RSAA Colloquia / Seminars / Feast-of-Facts: 09 Jun 2026 11:30am; DLT


Thavisha Dharmawardena

"owards a Multidimensional View of the Milky Way and Nearby Galaxies: Tracing Stars, Gas, and Dust from the Nearest Molecular Cloud to Our Galactic Neighbours"

My research connects stars, dust, and gas, with the goal of building a unified multidimensional picture of the Milky Way and nearby galaxies. I study the lifecycle of matter in galaxies: how gas and dust form molecular clouds, how stars are born from these environments, and how stellar evolution and feedback return material back to the interstellar medium. A central challenge is that galaxies and their internal structure, including molecular clouds, are complex, hierarchical, and only partially observed: we often infer intrinsically 3D processes from 2D projections, with incomplete distance and velocity information. To address this, I develop data-driven machine learning methods that combine heterogeneous observations into physically interpretable maps.
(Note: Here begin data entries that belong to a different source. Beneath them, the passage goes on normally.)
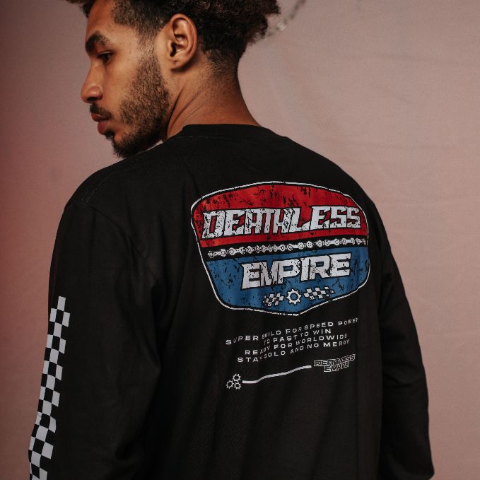 KAOS PRIA DISTRO ORIGINAL DEATHLESS KAOS LENGAN PANJANG GARAGE RED & BLUE LS MOTOR SERIES KAOS PRIA KEREN DISTRO
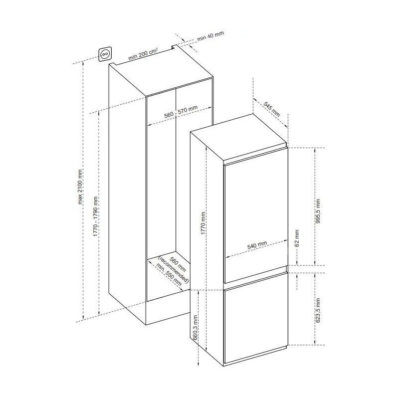 - Διαστάσεις εντοιχισμού (ΠxΒxY) = 56 έως 57 x 55 έως 56 x 177 έως 179 εκ (οι τιμές είναι οι ελάχιστες / μέγιστες επιτρεπόμενες ανά διάσταση)
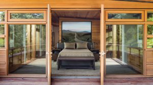 The primary bedroom and balcony are united with the outdoors by a cypress window wall and siding that open onto a private covered porch.

These include Gaussian-process based methods for 3D and 6D astrocartography, which reconstruct the spatial and kinematic structure of interstellar material, and Gaussian mixture models with spatial Gaussian-process priors, which allow us to infer structured stellar and dust populations while preserving spatial coherence. I will present my research built around these ideas, from the discovery and characterisation of the nearest molecular cloud to earth, Eos, to 3D dust maps of Milky Way dust and molecular cloud structure, and ongoing work on mapping the dust density in M33 using mixture models with GP priors. I will also discuss efforts to identify and characterise feedback-driven bubbles in both 2D observations and 3D data, linking statistical structure to the physics of star formation and feedback. Looking ahead, I will outline how these tools can support future observational programs, including the NASA SMEX mission, Eos. Together, this work seeks to move from static snapshots of the Milky Way and nearby galaxies toward a unified, multidimensional picture of how stars, dust, and gas interact across the lifecycle of matter in galaxies and how they evolve.